I’ve been thinking along similar lines, since I joined Fusion in the spring. One of the things that I was asked to do at Fusion was help to organize a street art festival, which would celebrate and amplify the voices of people who express themselves through striking interventions in the urban fabric. And the one thing I was determined not to do was to basically recreate Miami’s Wynwood: a grouping of murals by internationally branded artists, most of whom have gallery representation, where tourists take photos of each other to show their Instagram friends how cool they are.

I have no problem with those artists, or that art — indeed I’m a huge fan of the likes of Os Gemeos, Swoon, and Maya Hayuk. Certainly I don’t begrudge them their international fame and financial success; they deserve every penny, and have paid for themselves many times over in terms of the increase they’ve caused in Wynwood property values. But Schiller is right that along the way, something has been lost. Street art comes from tagging, from the need that young people have to express themselves. It’s a way that the voiceless can be heard. Or, at least, it used to be. Increasingly, these days, it’s more about trying to break into the art world to make money.

Saturday’s mass action is proof that the streets still matter, that they’re a crucial venue where young people’s voices can be heard, and that passion and anger and creative righteousness have in no way disappeared over the years that the street-art world became increasingly corporate and commercialized. But for all that JR’s portrait of Eric Garner’s eyes led the New York march, what little “I can’t breathe” graffiti there is seems to reside mainly on university campuses.

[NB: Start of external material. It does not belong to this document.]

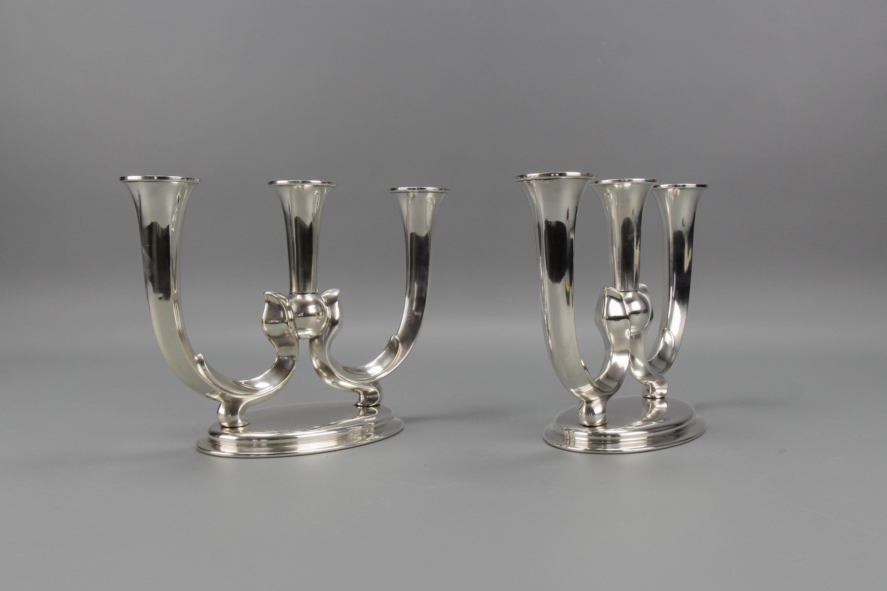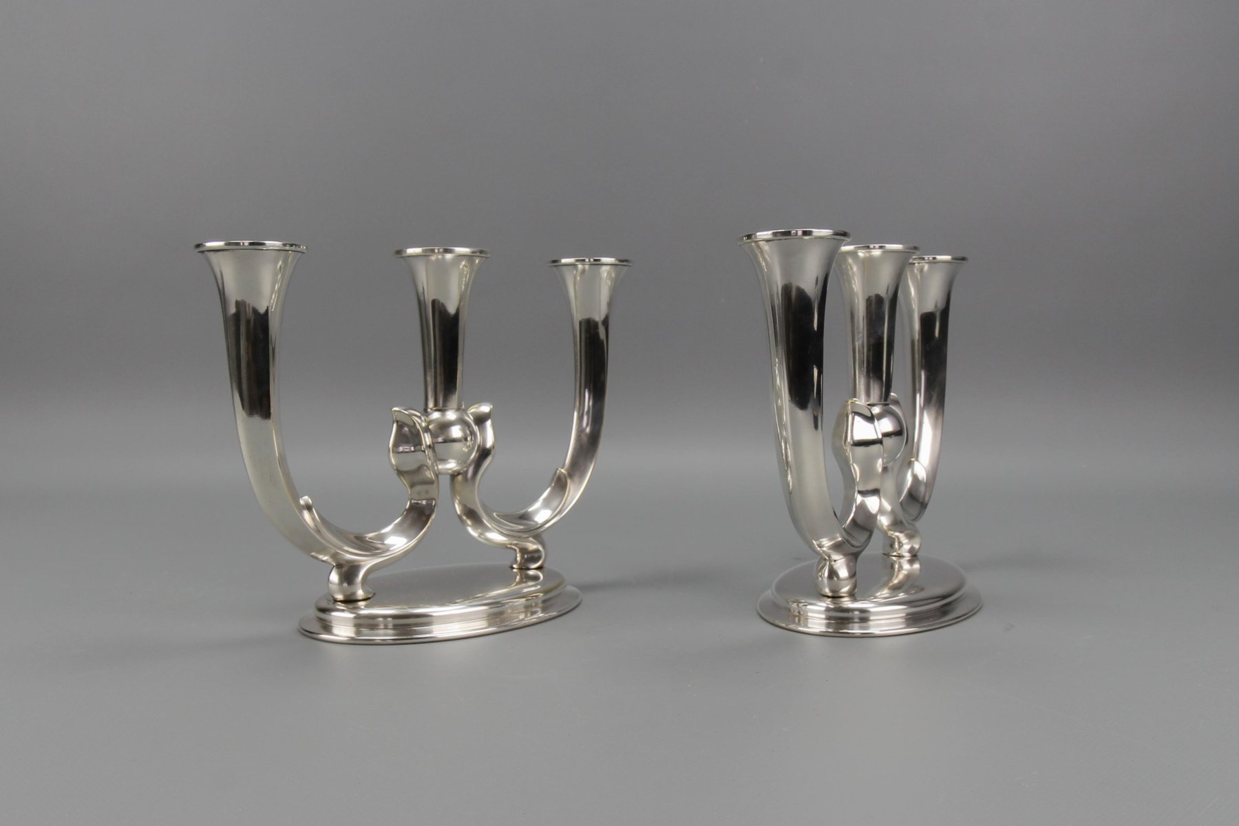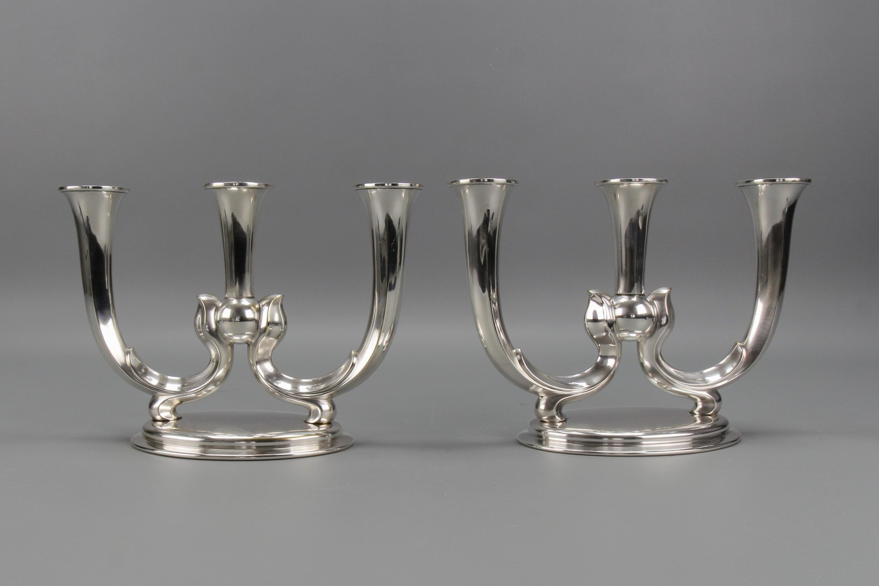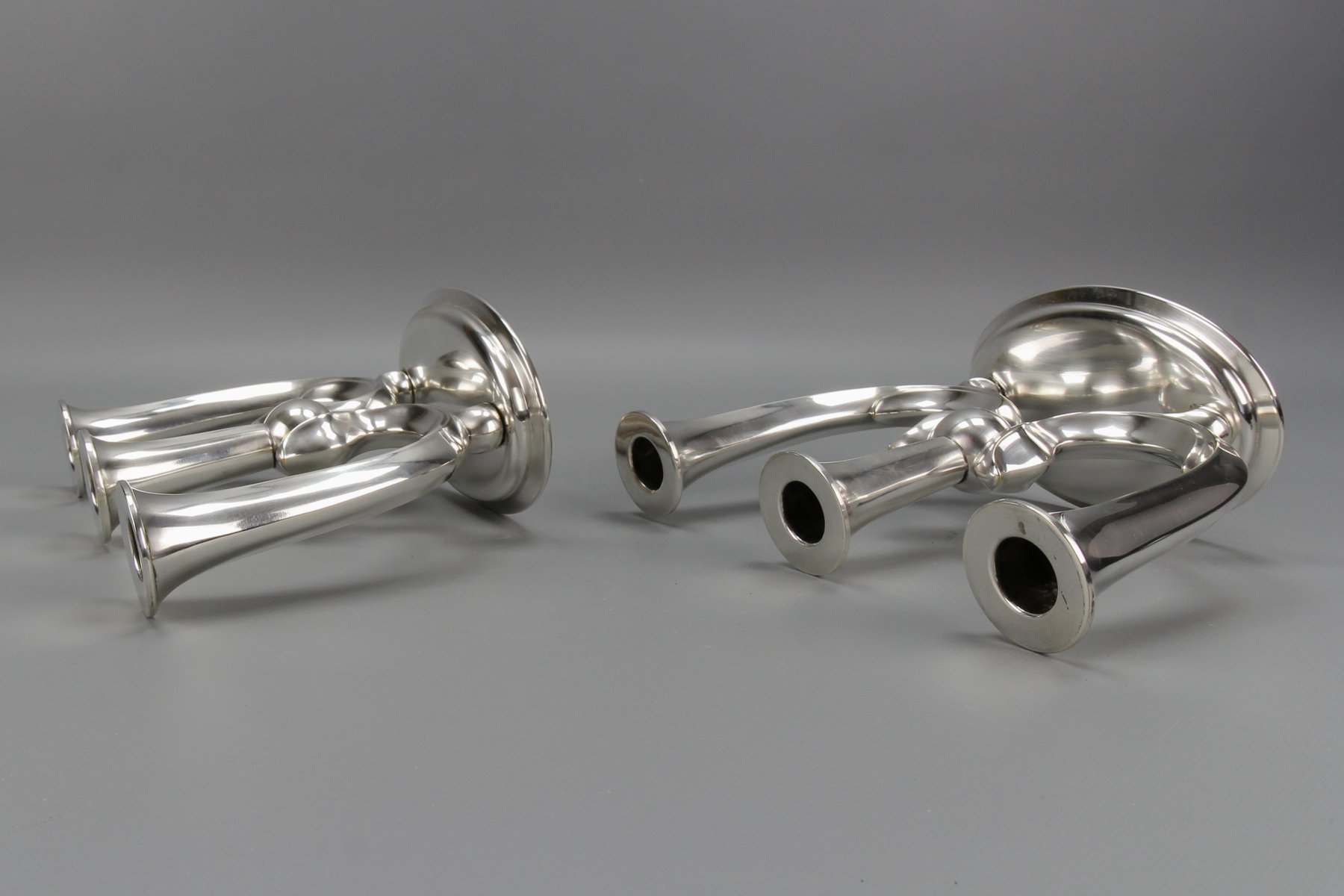 Deutsche Art Deco Kerzenhalter mit 3 Armen von WMF, 1930er, 2er Set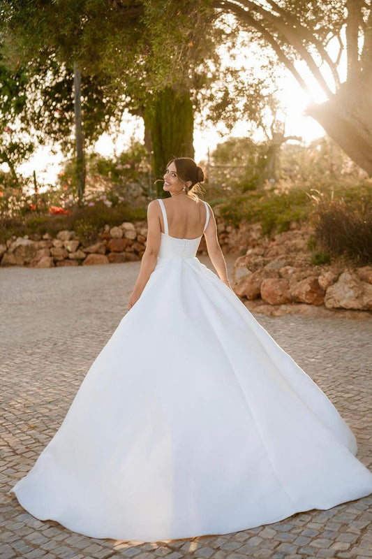 Fashion A Line Square Neck Satin Long Wedding Dresses

https://twitter.com/natalienes/status/542715568470884352

Street art has never really been about mass movements, of course. It’s best at providing a voice for individuals, rather than millions. But it seems that insofar as street art is expressing any kind of anger at all, it’s doing so around the current protests. Or else it’s doing so far from America’s shores, in places like Egypt. So here’s my question for you: Where are the artists working today who will renew the faith that Marc Schiller used to have? Which cities still have pockets of brave artists claiming the streets as their own canvas, a place they can make an eloquent point without first asking permission? Who are Blu’s heirs? They must be out there, somewhere.